### Exercise instructions
In the entries that follow, find the line containing "Çiçek Motifi ile" and the line containing "Volkswagen Touareg graphics.", then copy exactly everything from the first through the second except the pictures.

### Excerpted records
/---

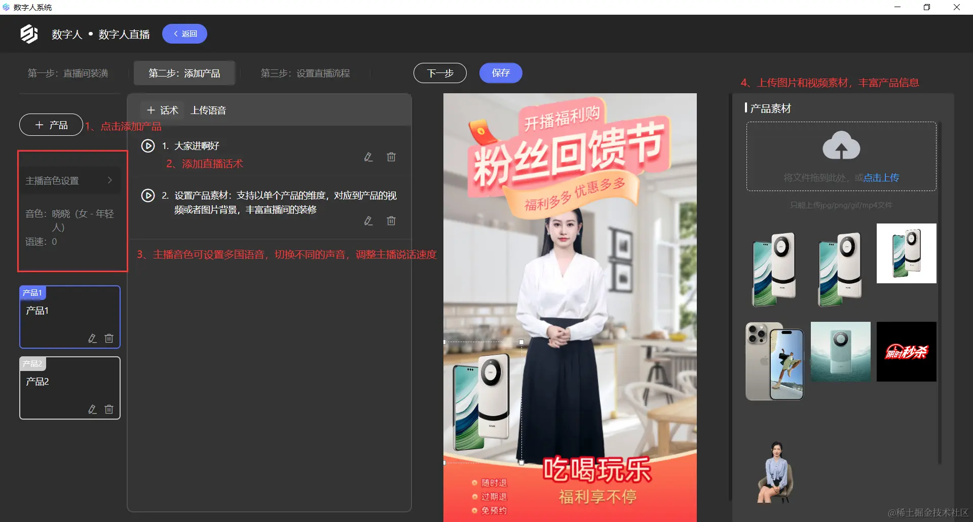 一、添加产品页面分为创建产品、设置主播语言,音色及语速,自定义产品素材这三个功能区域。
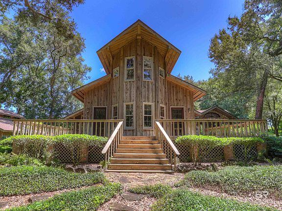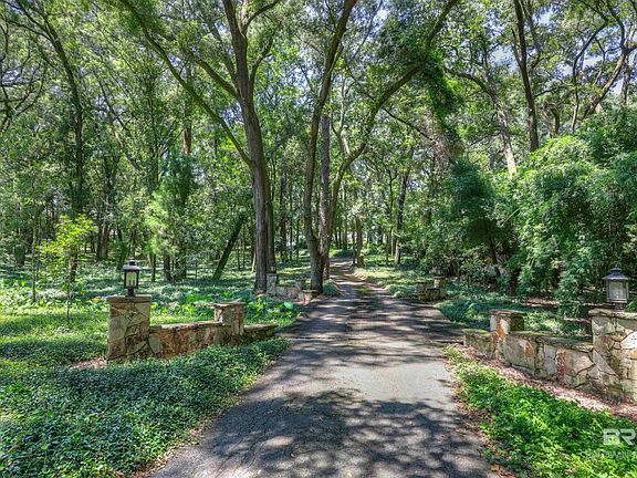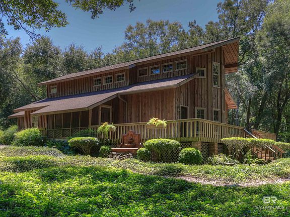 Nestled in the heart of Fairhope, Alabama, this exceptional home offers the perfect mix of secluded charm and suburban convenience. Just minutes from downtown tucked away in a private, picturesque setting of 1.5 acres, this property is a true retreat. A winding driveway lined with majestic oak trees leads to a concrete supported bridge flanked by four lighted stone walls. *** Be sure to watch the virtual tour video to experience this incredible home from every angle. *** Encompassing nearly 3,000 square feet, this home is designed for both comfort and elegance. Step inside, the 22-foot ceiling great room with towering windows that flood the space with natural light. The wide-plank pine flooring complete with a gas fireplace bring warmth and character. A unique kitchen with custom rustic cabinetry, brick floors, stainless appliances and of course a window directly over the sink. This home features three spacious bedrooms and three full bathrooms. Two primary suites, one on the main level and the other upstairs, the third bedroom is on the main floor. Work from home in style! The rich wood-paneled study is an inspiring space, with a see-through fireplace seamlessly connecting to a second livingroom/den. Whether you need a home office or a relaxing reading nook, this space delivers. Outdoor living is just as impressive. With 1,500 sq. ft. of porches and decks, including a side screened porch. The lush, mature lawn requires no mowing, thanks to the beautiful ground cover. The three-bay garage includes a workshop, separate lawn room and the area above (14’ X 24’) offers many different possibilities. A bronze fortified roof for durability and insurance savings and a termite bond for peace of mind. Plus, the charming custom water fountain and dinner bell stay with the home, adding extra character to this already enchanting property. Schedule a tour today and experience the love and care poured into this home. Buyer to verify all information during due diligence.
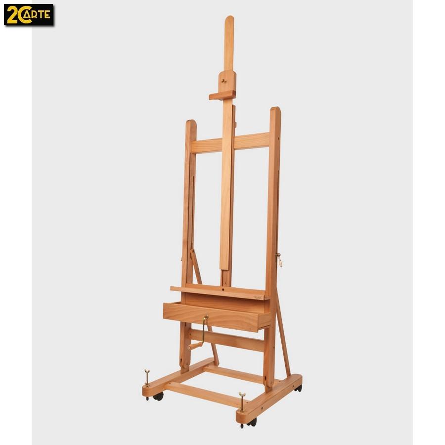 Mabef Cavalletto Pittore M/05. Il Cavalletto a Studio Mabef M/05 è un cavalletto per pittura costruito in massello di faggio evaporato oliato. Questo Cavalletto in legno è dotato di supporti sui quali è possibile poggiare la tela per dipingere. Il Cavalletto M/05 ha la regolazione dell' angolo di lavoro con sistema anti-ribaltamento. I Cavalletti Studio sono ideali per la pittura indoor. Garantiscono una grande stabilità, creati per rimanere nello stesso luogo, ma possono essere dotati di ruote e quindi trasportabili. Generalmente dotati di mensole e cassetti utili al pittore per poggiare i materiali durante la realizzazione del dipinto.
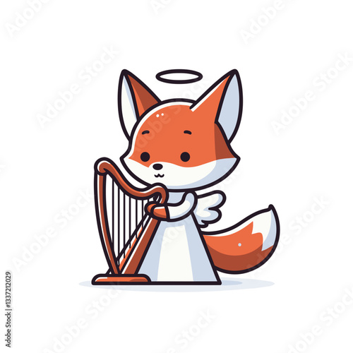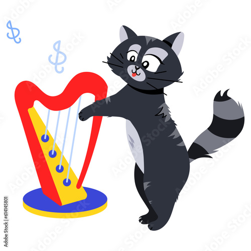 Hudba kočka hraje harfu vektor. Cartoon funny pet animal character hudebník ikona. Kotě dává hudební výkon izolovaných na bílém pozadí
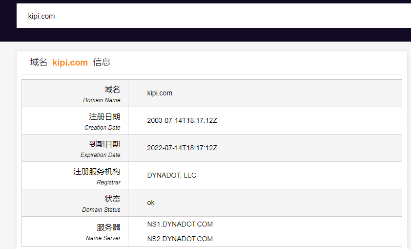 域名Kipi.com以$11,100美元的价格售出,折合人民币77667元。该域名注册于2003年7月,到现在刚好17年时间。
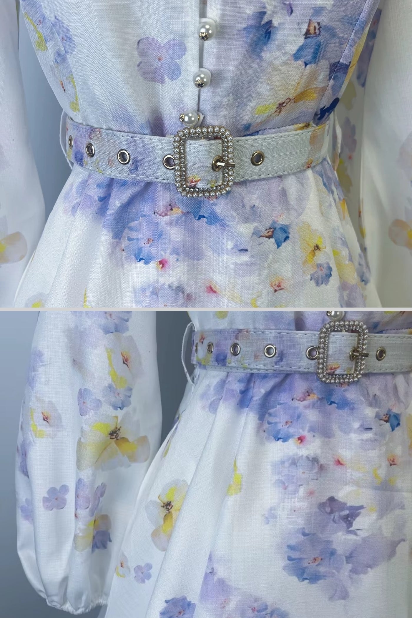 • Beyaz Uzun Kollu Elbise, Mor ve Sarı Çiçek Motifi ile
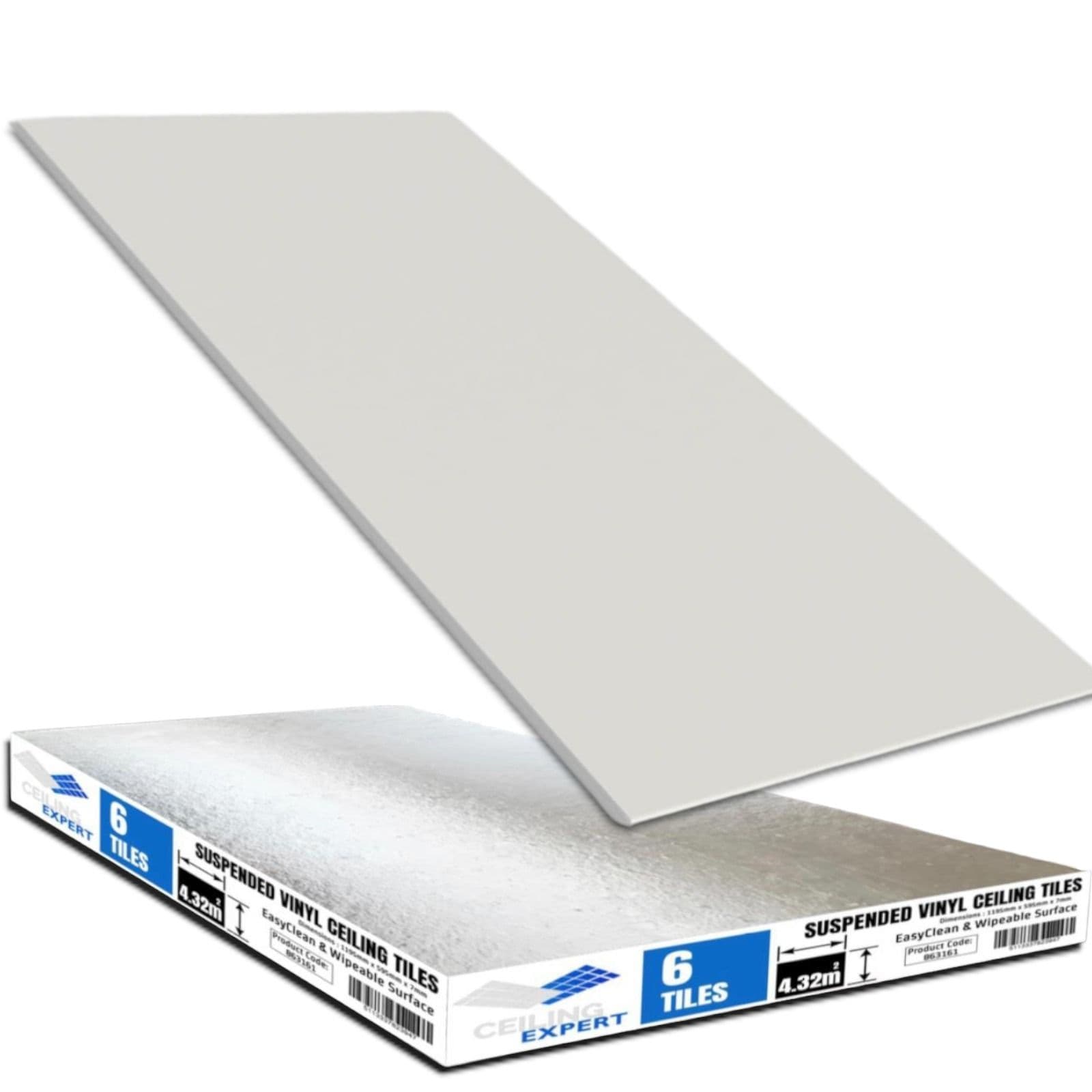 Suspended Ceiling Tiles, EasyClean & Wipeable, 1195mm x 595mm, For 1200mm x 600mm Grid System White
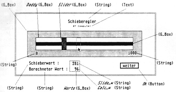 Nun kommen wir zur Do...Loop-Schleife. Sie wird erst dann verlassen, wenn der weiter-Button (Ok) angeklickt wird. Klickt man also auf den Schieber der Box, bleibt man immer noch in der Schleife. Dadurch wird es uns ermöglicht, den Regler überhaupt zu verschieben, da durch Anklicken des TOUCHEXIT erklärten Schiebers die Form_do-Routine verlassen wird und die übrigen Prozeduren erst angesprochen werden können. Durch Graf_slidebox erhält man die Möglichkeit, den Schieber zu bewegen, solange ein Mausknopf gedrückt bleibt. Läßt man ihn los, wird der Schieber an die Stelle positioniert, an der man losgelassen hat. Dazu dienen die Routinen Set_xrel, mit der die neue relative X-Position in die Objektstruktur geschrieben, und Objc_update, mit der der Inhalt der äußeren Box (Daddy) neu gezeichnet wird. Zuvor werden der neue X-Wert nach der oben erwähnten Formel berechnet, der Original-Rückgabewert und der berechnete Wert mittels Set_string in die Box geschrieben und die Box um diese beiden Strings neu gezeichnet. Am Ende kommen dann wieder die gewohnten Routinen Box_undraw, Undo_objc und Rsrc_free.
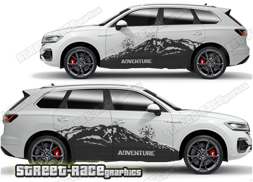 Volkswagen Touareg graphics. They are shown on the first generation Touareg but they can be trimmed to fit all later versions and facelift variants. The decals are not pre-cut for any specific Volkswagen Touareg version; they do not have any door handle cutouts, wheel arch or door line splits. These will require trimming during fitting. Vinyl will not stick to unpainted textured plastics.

\---
/---

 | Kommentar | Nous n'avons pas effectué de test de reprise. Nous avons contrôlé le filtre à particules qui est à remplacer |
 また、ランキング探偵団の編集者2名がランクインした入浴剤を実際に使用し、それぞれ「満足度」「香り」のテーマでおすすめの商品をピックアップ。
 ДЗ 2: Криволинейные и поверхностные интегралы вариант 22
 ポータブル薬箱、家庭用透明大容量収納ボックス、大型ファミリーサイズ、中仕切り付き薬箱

\---
/---

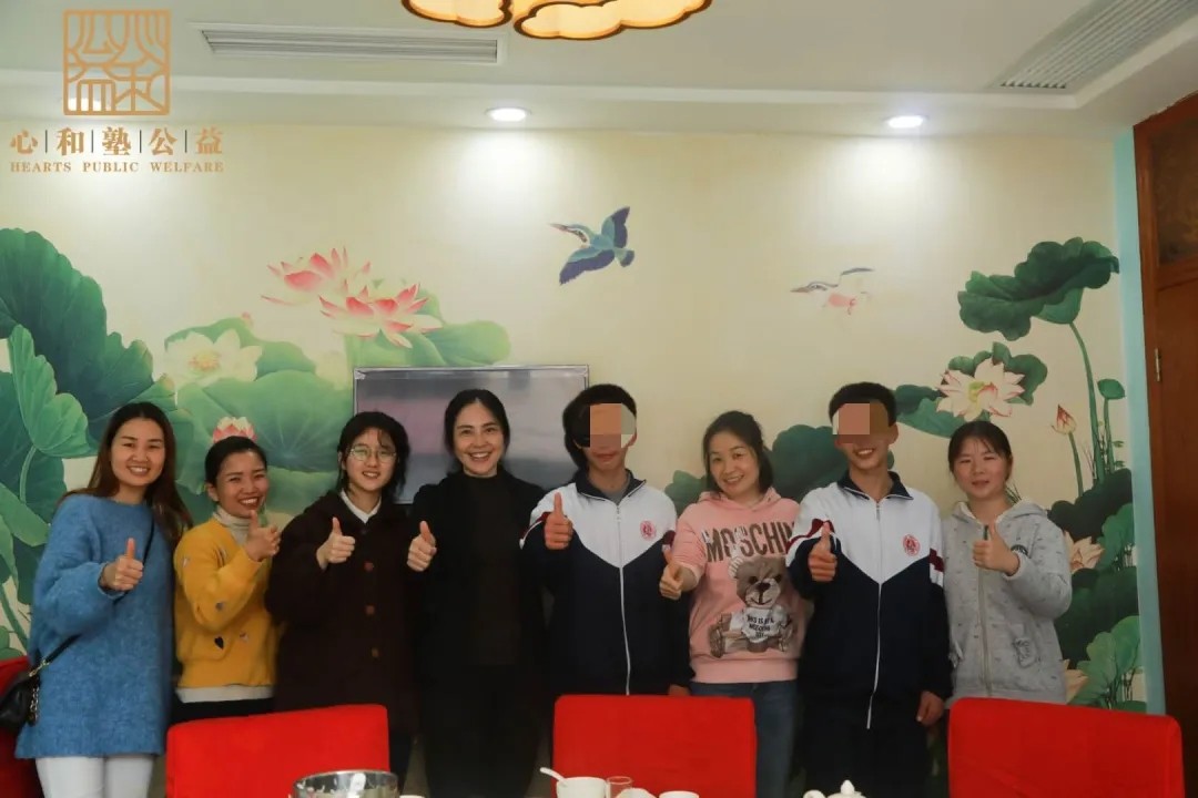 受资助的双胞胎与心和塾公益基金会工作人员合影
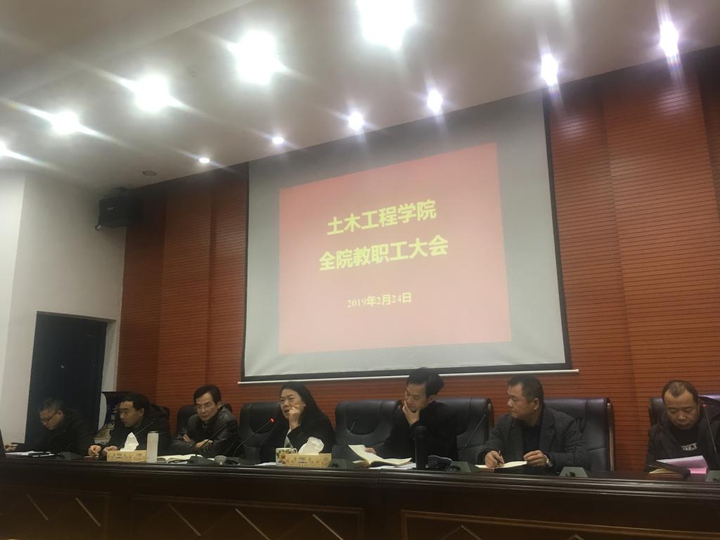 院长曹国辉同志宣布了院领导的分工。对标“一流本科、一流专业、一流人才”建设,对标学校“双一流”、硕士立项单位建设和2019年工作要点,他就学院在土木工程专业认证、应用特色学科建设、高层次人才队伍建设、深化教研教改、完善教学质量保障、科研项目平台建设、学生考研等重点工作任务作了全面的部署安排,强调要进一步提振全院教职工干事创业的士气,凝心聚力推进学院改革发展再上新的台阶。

\---

### Exercise response
 • Beyaz Uzun Kollu Elbise, Mor ve Sarı Çiçek Motifi ile
 Suspended Ceiling Tiles, EasyClean & Wipeable, 1195mm x 595mm, For 1200mm x 600mm Grid System White
 Nun kommen wir zur Do...Loop-Schleife. Sie wird erst dann verlassen, wenn der weiter-Button (Ok) angeklickt wird. Klickt man also auf den Schieber der Box, bleibt man immer noch in der Schleife. Dadurch wird es uns ermöglicht, den Regler überhaupt zu verschieben, da durch Anklicken des TOUCHEXIT erklärten Schiebers die Form_do-Routine verlassen wird und die übrigen Prozeduren erst angesprochen werden können. Durch Graf_slidebox erhält man die Möglichkeit, den Schieber zu bewegen, solange ein Mausknopf gedrückt bleibt. Läßt man ihn los, wird der Schieber an die Stelle positioniert, an der man losgelassen hat. Dazu dienen die Routinen Set_xrel, mit der die neue relative X-Position in die Objektstruktur geschrieben, und Objc_update, mit der der Inhalt der äußeren Box (Daddy) neu gezeichnet wird. Zuvor werden der neue X-Wert nach der oben erwähnten Formel berechnet, der Original-Rückgabewert und der berechnete Wert mittels Set_string in die Box geschrieben und die Box um diese beiden Strings neu gezeichnet. Am Ende kommen dann wieder die gewohnten Routinen Box_undraw, Undo_objc und Rsrc_free.
 Volkswagen Touareg graphics. They are shown on the first generation Touareg but they can be trimmed to fit all later versions and facelift variants. The decals are not pre-cut for any specific Volkswagen Touareg version; they do not have any door handle cutouts, wheel arch or door line splits. These will require trimming during fitting. Vinyl will not stick to unpainted textured plastics.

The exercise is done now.